Attrition in the CD Replication Industry
Jan 29, 1997 The past few months have seen some major changes in the CD manufacturing industry. Several companies have closed, or been sold, including the first and largest CD manufacturer in the United States, DMI (Disc Manufacturing, Inc.) Cinram, a replication company based in Toronto, Canada, is expected to close their purchase of DMI by the end of February 1997. Pilz, of Concordville, PA has also changed hands recently. Two other plants, one owned by Technidisc and the other by Astral Tech, have sold their equipment and closed the doors, all within the last three or four months.
Death knell? Not Hardly
Some observers from outside the industry have said that these closures signal the beginning of the end of Compact Disc, that competing technologies (including online applications) are taking their toll. My opinion is that instead it marks a transition point, but not necessarily between the "good old days" and a decline, but to better times ahead. Some of these facilities had older, less efficient plants in a time when great strides are being made in designs for smaller, faster, more versatile equipment.
At the same time, margins are dropping precipitously as more newcomers jump into the action, fighting for their share of the market by undercutting competitors, even to the point of taking an occassional loss.
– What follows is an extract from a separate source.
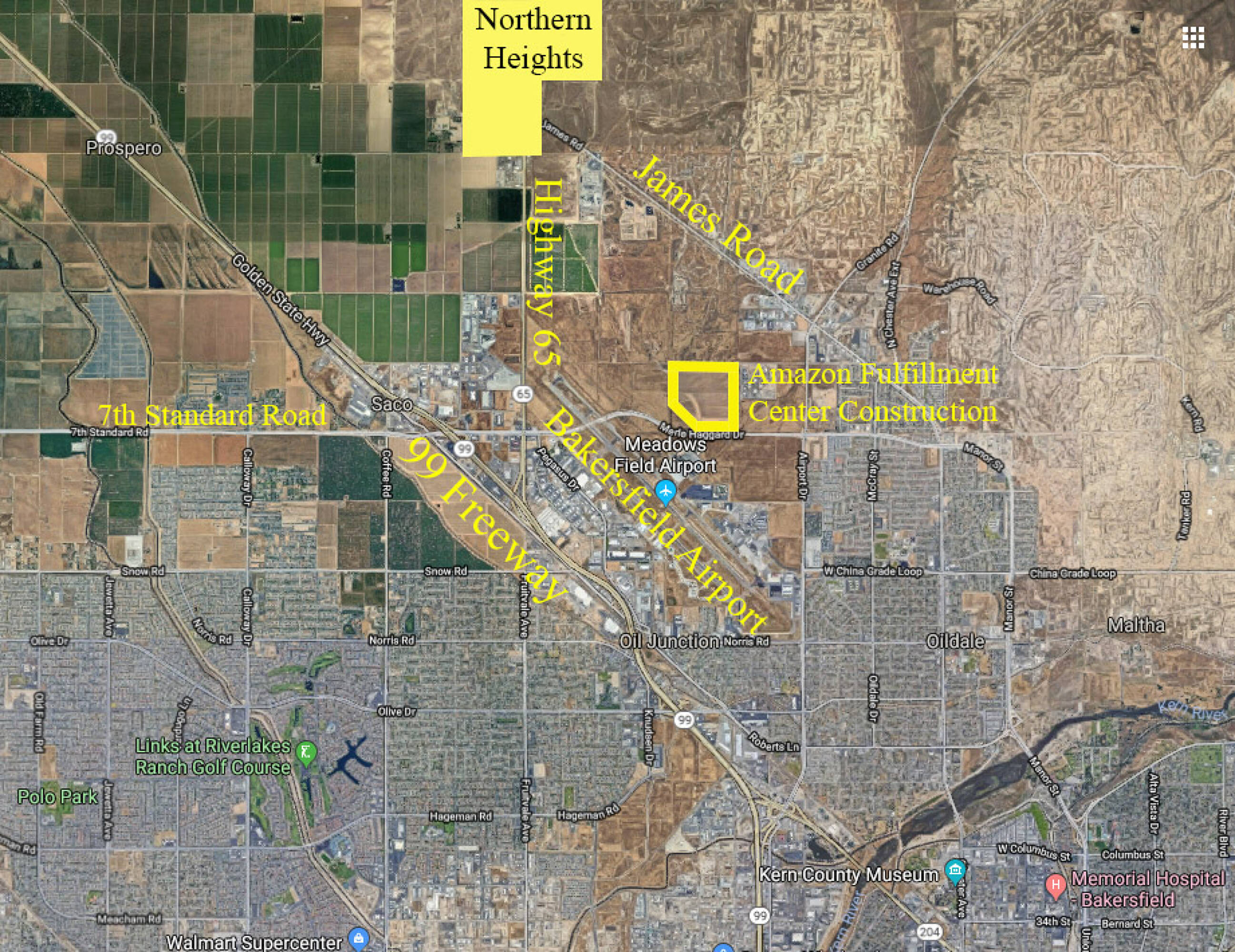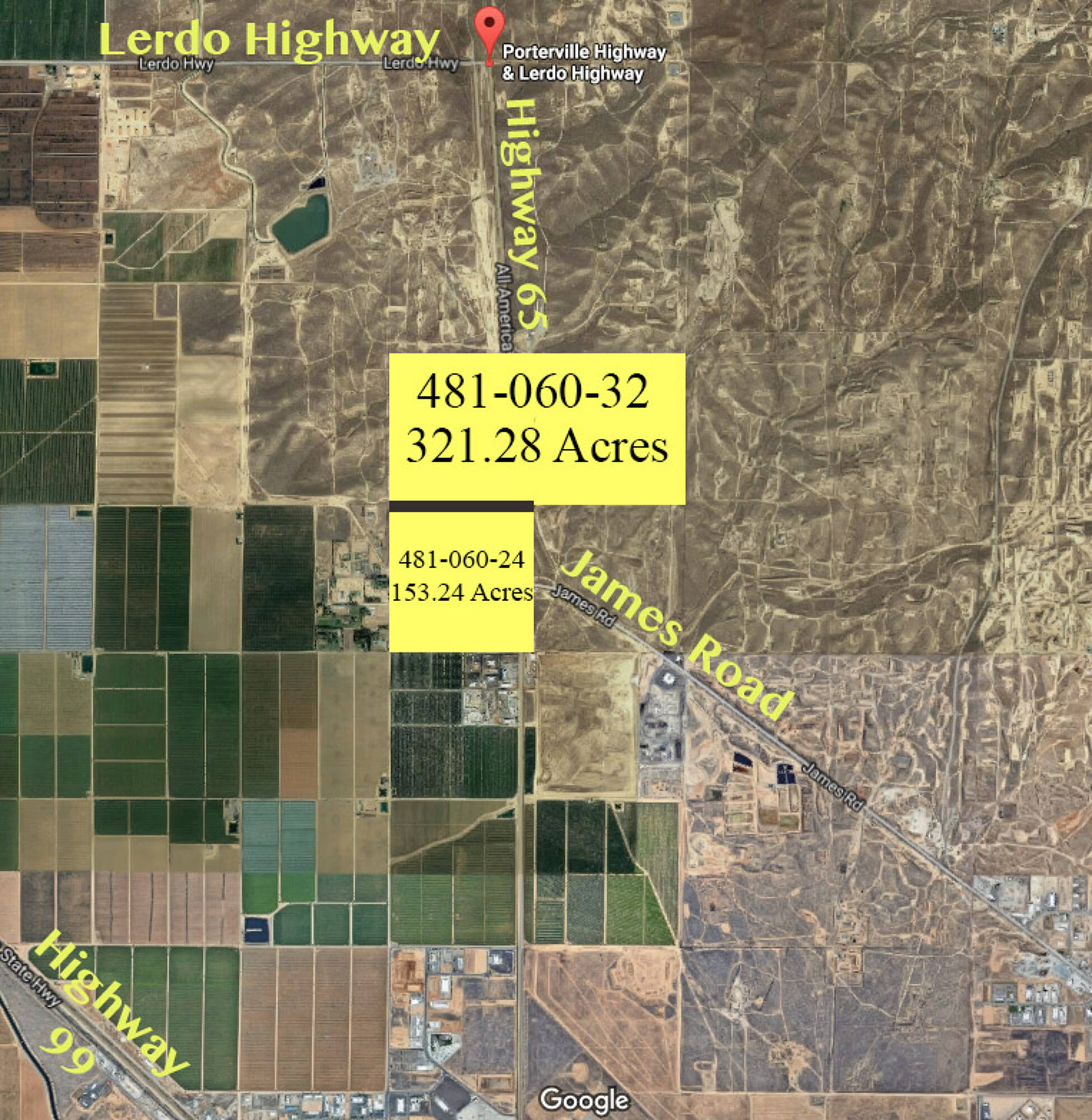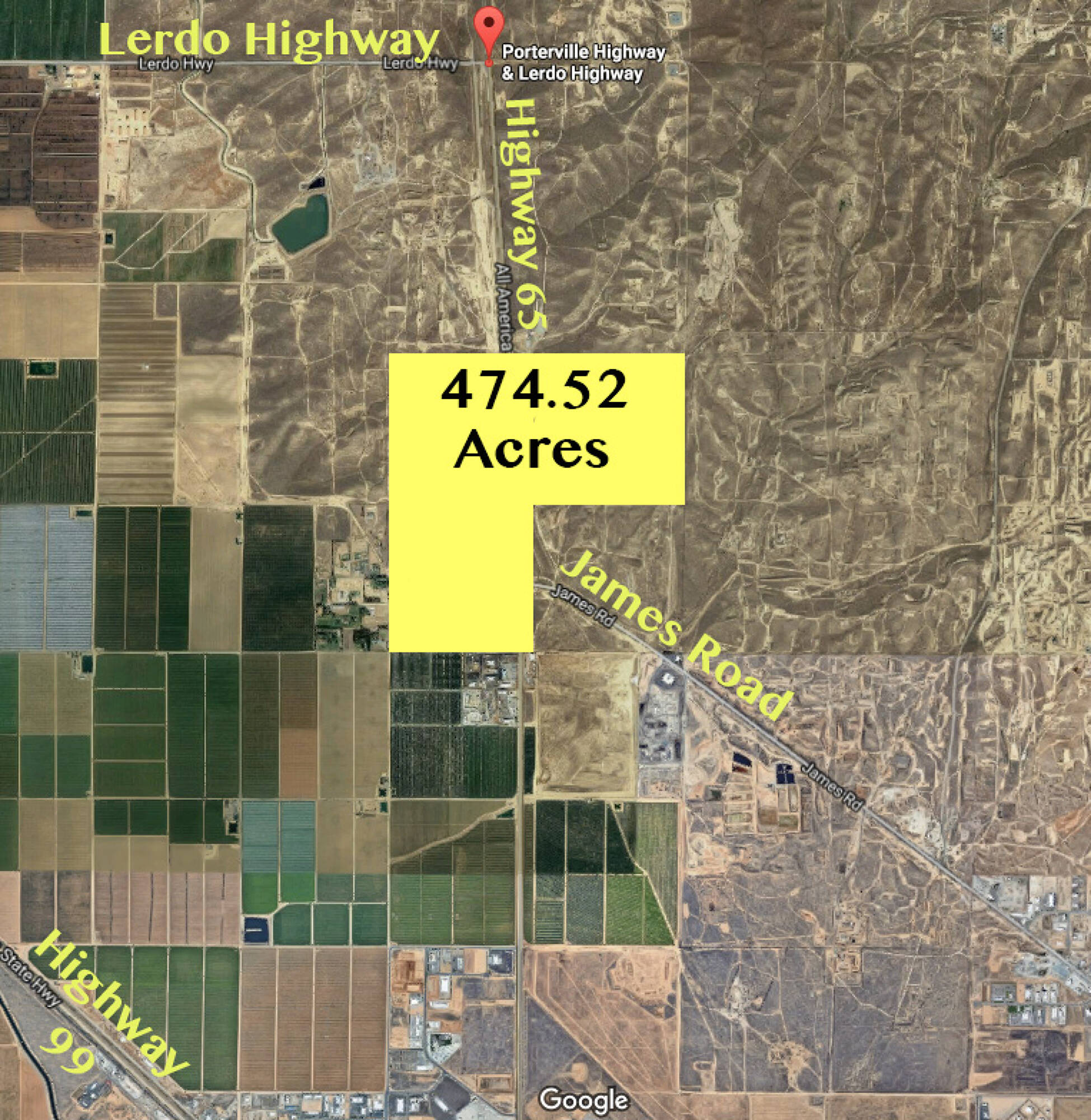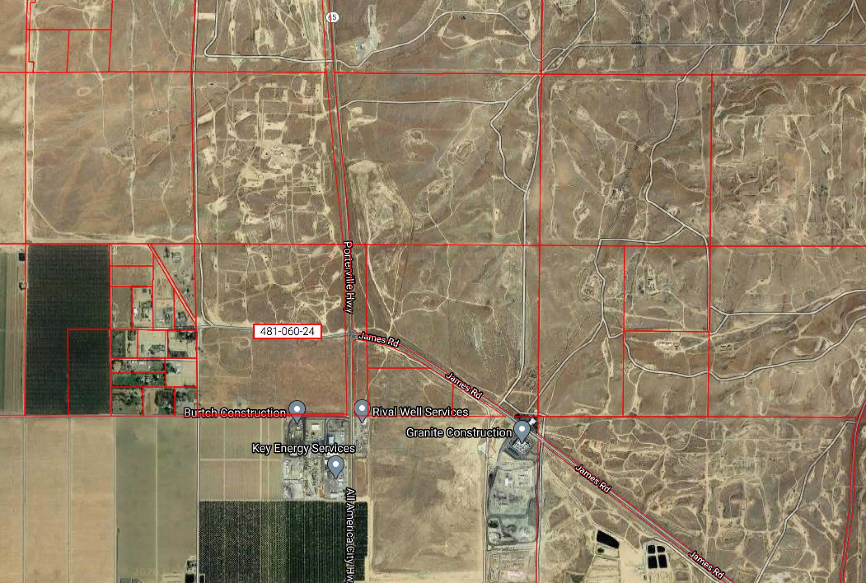 This land consists of two larger parcels totaling 474.52 acres. A parcel division process has been conditionally approved, splitting the two parcels into 9 separate parcels. The two existing parcels are 321.28 Acres (APN 481-060-32) and 153.24 Acres (APN 481-060-24). The property is located on the north side of Bakersfield in an area experiencing significant growth. It is directly adjacent to the WattEV electric truck stop and its solar array, as well as industrial and residential developments. The southern parcel includes all four corners of the intersection at James Road and CA-65 (Porterville Highway), presenting a development opportunity. The land also features 1 mile of frontage on both sides of CA-65. The parcels are located in close proximity to Meadows Field Airport, the new Amazon fulfillment center, and other industrial and commercial developments on the north side of Bakersfield.

Simultaneously, demand for less technically demanding audio discs has decreased recently, while the customers for more difficult but smaller sized and less profitable CD-ROM jobs are demanding lower prices. Then there's DVD... Gearing up for the next year or two while this new technology is implemented is expensive and risky. But this is not as negative as it sounds.
Step Back to Leap Forward
The lifecycle of businesses and entire industries are curious in the way they seem to happen in spurts. Things seem to run along pretty smoothly for awhile, then suddenly clusters of changes happen all at once. It's not unlike a child's growth pattern -- months of steady, slow changes, or no perceptible changes at all, then they shoot up in what seems like a matter of weeks. Just like the gawky teenager, an industry might start to look lean when in fact it is growing, but in a different direction from its expected trends.
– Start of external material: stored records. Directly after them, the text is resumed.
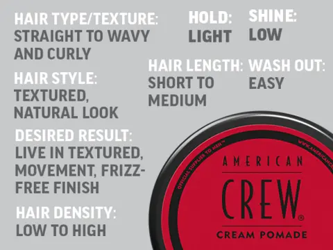 American Crew Pomade is a moisture-rich cream pomade that provides a natural look while taming hair leaving a low shine finish.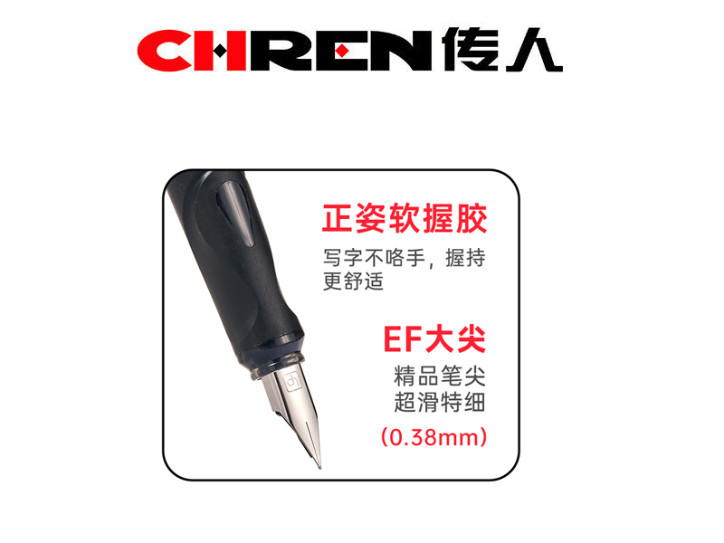 介绍:1:全新创意展架包装,更好的展示全新高透立体礼盒,共四色可选。2:这是一款神奇的热敏可擦钢笔,笔尾配备可擦橡皮头,写错就改,轻松擦拭,干净无痕;亮黑UV外观配烫印炫彩镭射文字,简约时尚,炫彩美观;赠送一支润笔器,写前润一润,以便更好书写。”传人乐握”正姿软胶笔握,握持舒适,有助于矫正握笔姿势,是学生练字的好选择。3:每小盒内含一支EF 大尖换囊钢笔+1支润笔器+2支热敏可擦替换墨囊(通用3.4mm)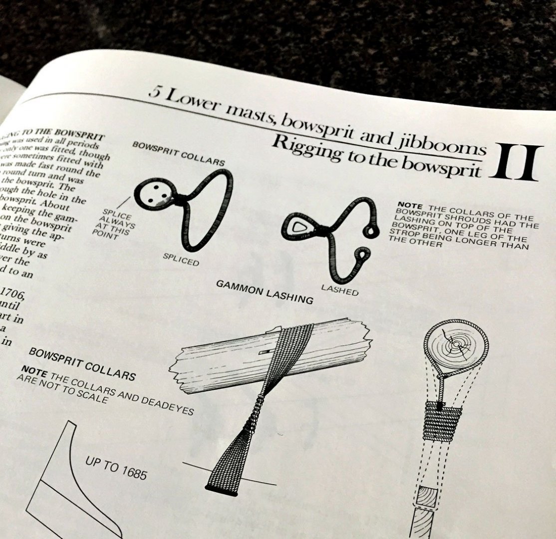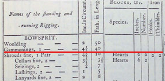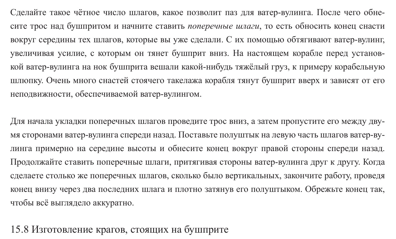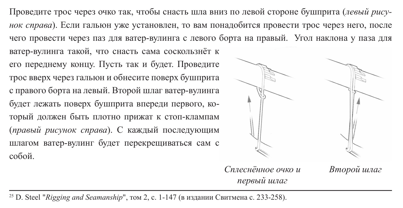 Кстати, легко запомнить, почему постоянный ватервулинг проходил в условной второй секции, между первым и вторым шпангоутами, а не ближе к корпусу, в третьей секции, между вторым и третьим шпангоутами: там у стандерс-индигеда как раз начинается сочленение рук, и в этом сочленении делался гат (отверстие) для проводки петли штаг-крага фока-штага. Если мы тут протащим ещё и ватервулинг, будет очень трудно обслуживать - да вообще заводить! - эти снасти стоячего такелажа в столь сильной тесноте. Но в аварийной ситуации нет выбора. Отверстие, понятно, сделано заранее - в критической ситуации это будет сделать весьма проблематично. Надо отметить, что два отверстия для ватервулинга в княвдигеде - это всё-таки роскошь для кораблей высоких рангов.

The CD manufacturing business is changing, but it is also getting ready for another big growth spurt. The previously dominant audio business is flattening out, but CD-ROM and soon DVD will take up the slack and then some.
More, Faster, Better
Have you noticed how many free CDs you've gotten recently? Everyone from online services and software producers to magazine publishers and catalog vendors is putting their pitch on a disc. In many cases the actual product is delivered on yet another CD-ROM, or even on the same one, activated by keying in a password or serial number. CD-ROM drives are selling in record numbers, and hardly any new desktop computers are sold without one anymore. CD-Recordable systems and applications are also booming. Does this sound like a dying technology?
To produce all those little silvery platters, many of which are very time-sensitive for marketing purposes, CD manufacturers have been hard pressed (bad pun, sorry) to deliver short runs of discs on a fast turnaround. And since many of them are give-aways, replication customers don't want to pay much for them.
For years they've been told how inexpensive it is to deliver large data sets by CD, and typically they expect ever-decreasing prices, even when the manufacturers are losing the cushion of huge audio jobs to slip the little CD-ROM titles in between. Companies who expected this prepared by investing in new technology: the faster, cheaper, more efficient new machines. Those who did not have the foresight or capital to change up as the trend progresses are paying the price, and will continue to do so until they either catch up or cash in.
Ironically, it is the pioneers like DMI who have been in the worst position during this shift to a new phase. They invested heavily in research and development, working with equipment makers to develop custom machines to meet their innovative needs, and working with developers to produce the new formats they demanded.
Now, newcomers and smaller companies who are not so heavily burdened by existing infrastructure (and a few older ones who have deep pockets) are taking advantage of the investment made by the older ones. Unfair? Perhaps, but what's that got to do with business? (I should point out that getting $80,000,000 USD is not the same as going belly-up. DMI shareholders are not expected to cry much).
There may be more closures, but as more investors become aware of the continuing potential of compact disc as a data delivery medium, more replicators will continue to come on line. The fact that CD pressing plants can also (with considerably more investment and effort) produce CD-R media or DVDs is attractive to many who perceive that this industry is here to stay for the foreseeable future. The next best thing just hasn't been developed yet.
In fact, the next metamorphasis of compact disc (DVD) is just now reaching the stores. As inexpensive and versatile as compact discs can be, it may be quite awhile before something better comes around. In the meantime, those with the know-how and capitalization and energy to keep up with the merry-go-round can at least have a good ride. Yee-ha!